Impossible now, of course.

“Oh, Rose! Good for you,” Franny called. “I bet those cola caps are beautiful.”

Rose was little, but she was quick. Before anyone could stop her, she shot across Shady Avenue and up the stairs to Franny's porch. She'd remembered to look both ways before crossing but forgot that Franny was supposed to be contagious.

“Take a look,” said Rose.

Across the street, Teresa was yowling like a cat. “NO-O-o-o, Rose!”

Franny leaned forward and held out her hand. Rose dropped the cola caps into Franny's cupped palm, and Franny touched them, one by one, with the tip of her finger.

“A super-duper addition to the Collection,” Franny said.

“I know,” said Rose, reaching for them.

“ROSE!” shrieked Teresa, racing across the street.

Teresa was known for her shrieks, a peculiar source of pride. With the proper training, operatic singing was in her future, she liked to tell everyone. Franny was used to Teresa's shrieks. But this particular shriek was so vehement, it startled Franny. The three cola caps fell from her hand, skipping down the stairs.

“Roseyouarenottotouchthosecolacapsdoyouhearme!” shrieked Teresa. “Don'tyoudarethey'recoveredwithGERMS!”

“I'm not contagious!” Franny shrieked back.

“You are, too!”

“I'm not! I'm not! And very soon I'll be walking again. I'll be back in the swing of things. You'll see!”

By this time Teresa was sitting on Rose's bottom, who was struggling to reach the scattered cola caps on the front walk. Rose's shrieks, because apparently volume ran in the family, were almost as loud as her sister's.

“I want those bottle caps! I found them! They're mine!”

“She touched them!”

“I want those caps!”

“Rose, if you don't stop this, I'm going to tell everybody your big secret! I swear! I will!”

At that, Rose stopped her thrashing about but not her howling. Teresa stayed put on top of her.

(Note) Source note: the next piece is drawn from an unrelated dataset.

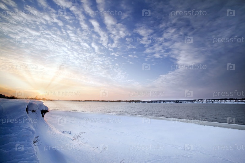 Красивый закат над зимней рекой

All of a sudden, glowering, grumpy Professor Doctor Gutman was standing over the sisters. His black bristly eyebrows (not the kindly variety, like Sister Ed's) were raised in mighty disapproval.

“What is this ruckus?” Professor Doctor Gutman said. He turned to Teresa. “You're bigger than she is, young lady.”

Professor Doctor Gutman's deep, rumbly voice sounded like a king's, or an army troop commander's. Rose quieted mid-howl. Teresa stood up, then kicked the bottle caps to the curb.

Walter Walter and Seymour Walter moseyed across the street to witness the action.

“Life is too short for angry roughhousing.” Professor Doctor
Gutman's
r
's sounded gravelly and moist, as if they were coming from deep inside of him.

“Hey, where were you born, anyway?” asked Seymour.

“In Prague, a beautiful city in Czechoslovakia,” Professor Doctor Gutman replied. His eyes were bright and blue, like the European mountain lakes Franny had seen in her geography book,
Earth and Its Continents
. But his eyes were sad, too. Franny realized he'd been sad, not grouchy, all those other times she'd seen him.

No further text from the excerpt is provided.